Thursday, April 28, 2005

Discovery, transparency and antitrust enforcement.

EU Law Web Log has an important story about a European Court of First Instance case. It's probably one mainly for the legal junkies but has important knock on effects for private actions against large organisations.

An Austrian consumer advocacy group asked the Commission for access to documents regarding their 2002 ruling that 8 Austrian banks operated a cartel prohibited by EU regulations. They wanted these details to re-enforce a case against one of the banks which they were pursuing through the Austrian courts. The Commission, as is the first reaction of many administrators, refused access to the documents. The Court of first instance, however, has just ruled that they were wrong to do so and ordered them to hand over the documents.

The more I hear about the actual operation of the European Commission, the more concerned I become about how many general sound governing principles can be overlooked or deliberately compromised in its day to day operations.

It's not primarily that officials set out with the intent of undermining principles - most of them would be horrified at the thought that they might be doing so. But in any complex administrative infrastructure (i.e. this is not exclusive to the EU and will also apply to any large commercial organisation) billions of activities have to take place at the microscopic day to day level and people administer and work with these [organisationally] microscopic activities in ways that enable them to do their day to day jobs.

The trouble is that collections of organisationally systematic, logical and sensible activities/or decisions within the context of those microscopic systems can add to to macroscopic systemic chaos for the organisation as a whole. This is compounded by the fact that many of the administrative systems are contradictory and mutually exclusive or incompatible and yet officials are still obliged to somehow make them work. Remarkably they usually manage this with commendable ingenuity and efficiency because people are very clever at finding practical ways to make systems work...

But you end up, as in this instance, with the European Commissioner declaring that the Commission sees private litigation as a key complement of public enforcement of EU competition rules, and yet when someone does pursue such private litigation, Commission officials refuse to cooperate and release key information for pursuing the case; and these officials have logical and defensible reasons within the context of their own work practices and systems for refusing to disclose the documents.

The consumer organisation are then forced into further litigation at a European level to get access to documents the Commissioner has implicitly suggested that should have been available to them as a matter of principle.

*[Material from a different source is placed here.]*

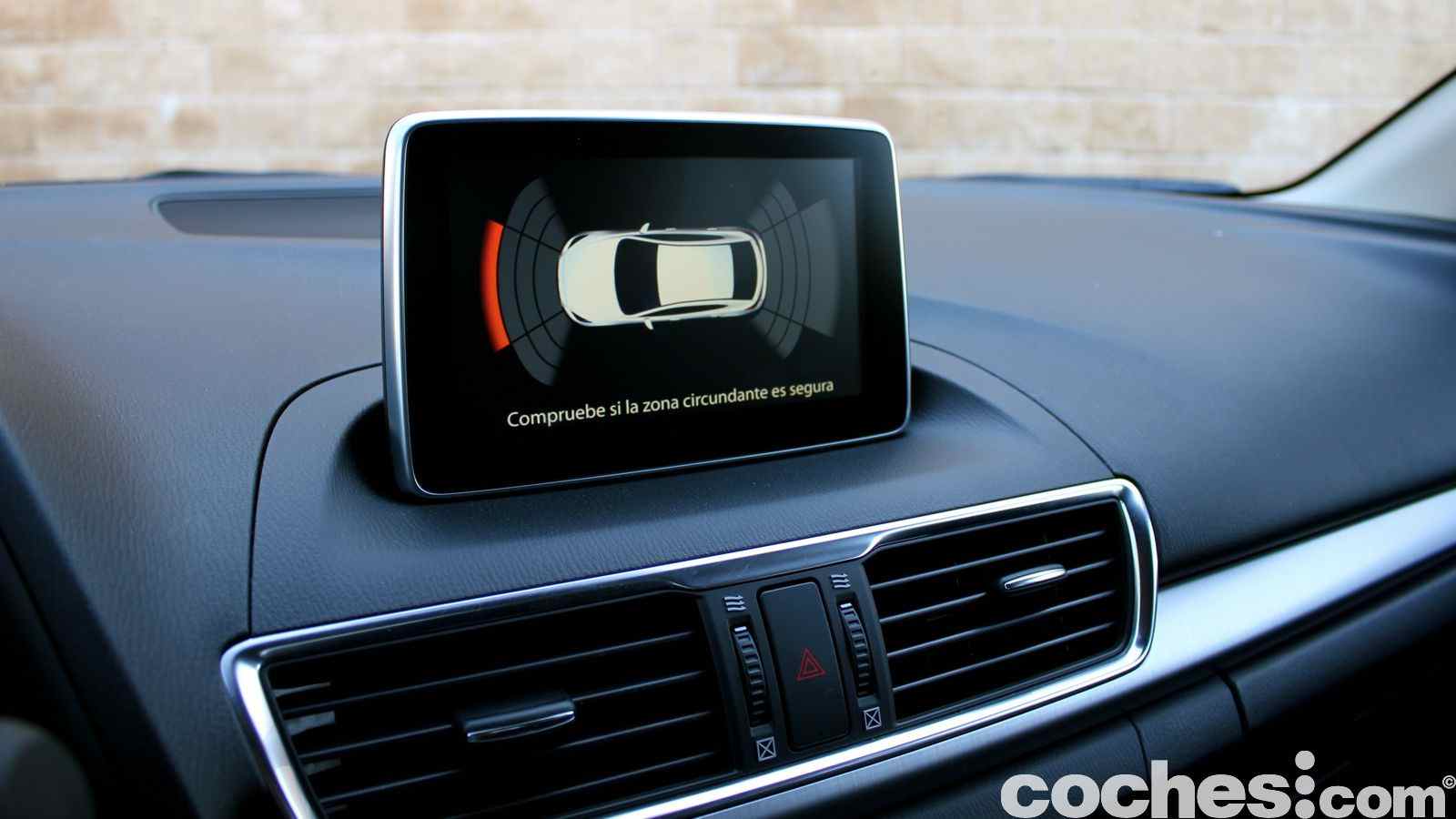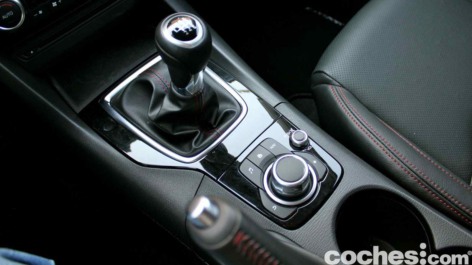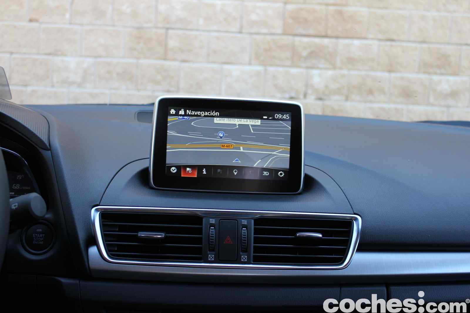 En la consola central el protagonismo corre a caro de una pantalla táctil TFT de siete pulgadas. No está integrada en el salpicadero, sino que queda buena parte de la misma al aire. No molesta la visibilidad de la carretera, se ve bastante bien y se controla a la perfección desde el mando mando giratorio HMI Commander, situado entre los asientos delanteros. Su utilización resulta muy intuitiva, si bien es cierto que realicé esta prueba tras pasar una semana con el Mazda 2, que también lo equipaba. Está en una posición adelantada, perfecta para controlarlo sin no tener que variar la postura de conducción mientras vas en marcha.

I see parallels here with degree to which professionals can set thinking traps within the context of their own professions. It might seem perfectly reasonable, for example, to a group of intellectual property lawyers that a colleague sends out a cease and desist letter warning someone that they should not use their own name because it happens to be the same name as a famous client she represents. If IP rules are written in such as way as to allow her to do this then she is acting perfectly reasonably within the context of those rules to protect the interests of her client. Most ordinary folks, however, would think it completely ridiculous that someone could be sued for using their own name.

There's probably an academic paper, if not a book, in this line of thought but I'll leave it there for the moment!